Polish Meat-Filled Potato Dumplings
Pyzy z Mięsem
Pyzy z Mięsem are traditional Polish potato dumplings, characterized by their soft, slightly chewy texture and a savory minced meat filling. Made from a combination of cooked and raw potato dough, these dumplings are typically boiled and served with a side of fried onions and a dollop of sour cream or mustard, making for a hearty and comforting meal.

🧂 Ingredients
- For the Dough:
- 1 kg Boiled potatoes, mashed
- 500 g Raw potatoes, grated
- 1 cup Potato flour (or all-purpose flour)
- 1 Egg
- 1 tsp Salt
- For the Filling:
- 400 g Ground pork or beef (or a mix)
- 1 medium Onion, finely chopped
- 2 cloves Garlic, minced
- 1 tsp Dried marjoram
- to taste Salt and black pepper
- 2 tbsp Oil for frying
- For Serving:
- 3 tbsp Butter
- 1 medium Onion, sliced
- for serving Sour cream or mustard
👨🍳 Instructions
- 1
Prepare the filling: Heat oil in a skillet over medium heat. Add the finely chopped onion and sauté until translucent. Add the ground meat, minced garlic, marjoram, salt, and pepper. Cook, breaking up the meat with a spoon, until browned and cooked through. Drain off any excess fat and set aside to cool.
💡 Tip: Using a mix of pork and beef provides a richer flavor and better texture for the filling. - 2
Prepare the dough: Squeeze the grated raw potatoes through a cheesecloth or fine-mesh sieve to remove most of the liquid (reserve the liquid). In a large bowl, combine the mashed boiled potatoes, the squeezed raw potato pulp, potato flour, egg, and salt. Mix until a cohesive dough forms. If the dough is too sticky, add a little more potato flour or the reserved potato liquid.

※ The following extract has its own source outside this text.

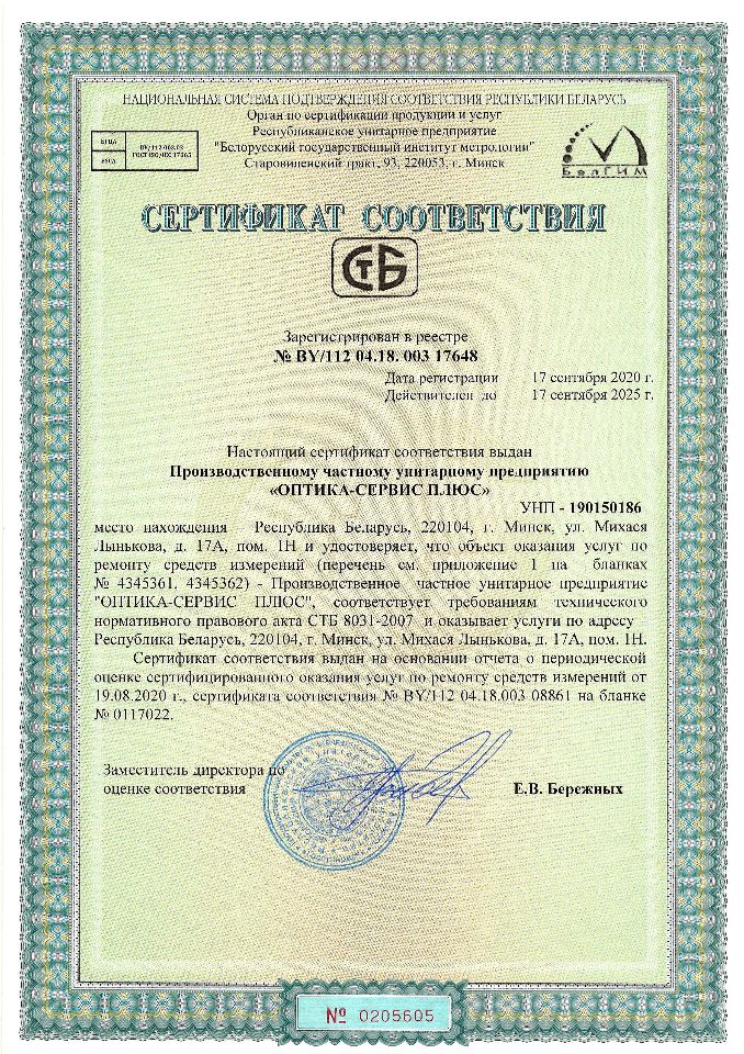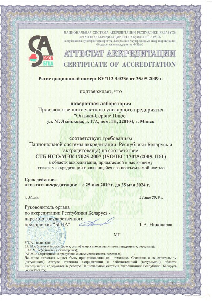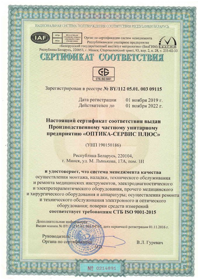 Предприятие "Оптика-Сервис Плюс" более 20 лет оказывает услуги по техническому обслуживанию и ремонту медицинской и лабораторной техники. Специалисты нашей организации имеют большой опыт по самому широкому спектру обслуживаемой техники. На базе предприятия функционирует аккредитованная лаборатория, оказывающая услуги по поверке дозаторов пипеточных. Производственный процесс на предприятии организован в рамках СТБ ISO 9001-2015, ГОСТ ISO 13485-2017, СТБ 8031-2007, СТБ ИСО/МЭК 17025-2007.

💡 Tip: The raw potato adds a unique texture to the dumplings. Squeezing out excess liquid is crucial to prevent a gummy dough. - 3
Form the dumplings: Take a portion of the dough (about the size of a golf ball) and flatten it in your palm to form a disk. Place about 1-2 tablespoons of the meat filling in the center. Carefully fold the dough edges up and around the filling, sealing it completely to form a round dumpling. Roll gently between your palms to smooth the shape.
💡 Tip: Work quickly as the dough can become sticky. Lightly flour your hands if needed. - 4
Cook the dumplings: Bring a large pot of salted water to a rolling boil. Gently drop the dumplings into the boiling water, being careful not to overcrowd the pot (cook in batches if necessary).

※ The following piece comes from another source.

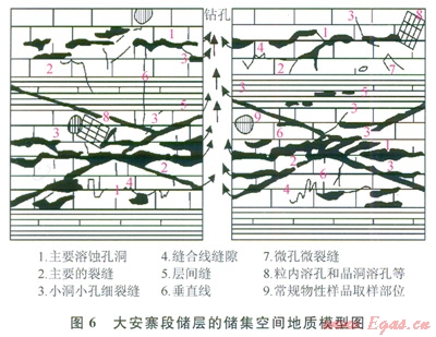 圖6為綜合上述各項儲集空間特征的儲層地質(zhì)模型[19],從中不難確定,對大安寨段儲層貢獻最大的無疑是各類裂縫及沿裂縫溶蝕形成的各類溶縫、溶孔和溶洞,其次為晶間孔,溶蝕微孔和微縫雖然很小,但數(shù)量眾多,其貢獻也不容忽視。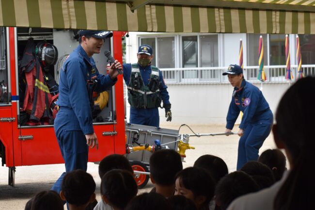 6月中旬に、橘今保育園に消防士さんと消防車が来てくださいました。 あいにくの雨でしたが、たちばなっ子たちは間近で見る消防車に大喜び! 避難訓練を見て頂いたあと、火災についてわかりやすくお話をしてくださいました。 資器材も…

💡 Tip: Boiling water is essential for the dumplings to cook properly and not stick together. - 5
Once the dumplings float to the surface, continue to cook for another 3-5 minutes. They should be cooked through.
💡 Tip: The floating indicates they are cooked internally, but a few extra minutes ensure the dough is fully done. - 6
Remove the dumplings with a slotted spoon and drain well. While the dumplings are cooking, melt butter in a skillet and sauté the sliced onion until golden brown and caramelized.
💡 Tip: Caramelized onions add a sweet and savory depth to the dish. - 7
Serve the pyzy hot, topped with the sautéed onions, and a dollop of sour cream or a spoonful of mustard.
💡 Tip: Pyzy z Mięsem are best enjoyed immediately after cooking.
💡 Pro Tips
- ✓If you can't find potato flour, all-purpose flour can be used, but the texture might be slightly different.
- ✓Leftover cooked meat from a Polish roast or soup (like Rosół) can be used for the filling.
- ✓Freezing uncooked pyzy: Place formed dumplings on a baking sheet lined with parchment paper and freeze until solid. Transfer to a freezer bag. Cook from frozen, adding a few extra minutes to the boiling time.
✨ Twist Ideas
Inspiration for your own version of this recipe
- For a vegetarian version, omit the meat filling and use a mushroom or sauerkraut filling instead.
- Add a pinch of caraway seeds to the filling for an extra layer of flavor.
- Serve with a drizzle of melted bacon fat for added richness.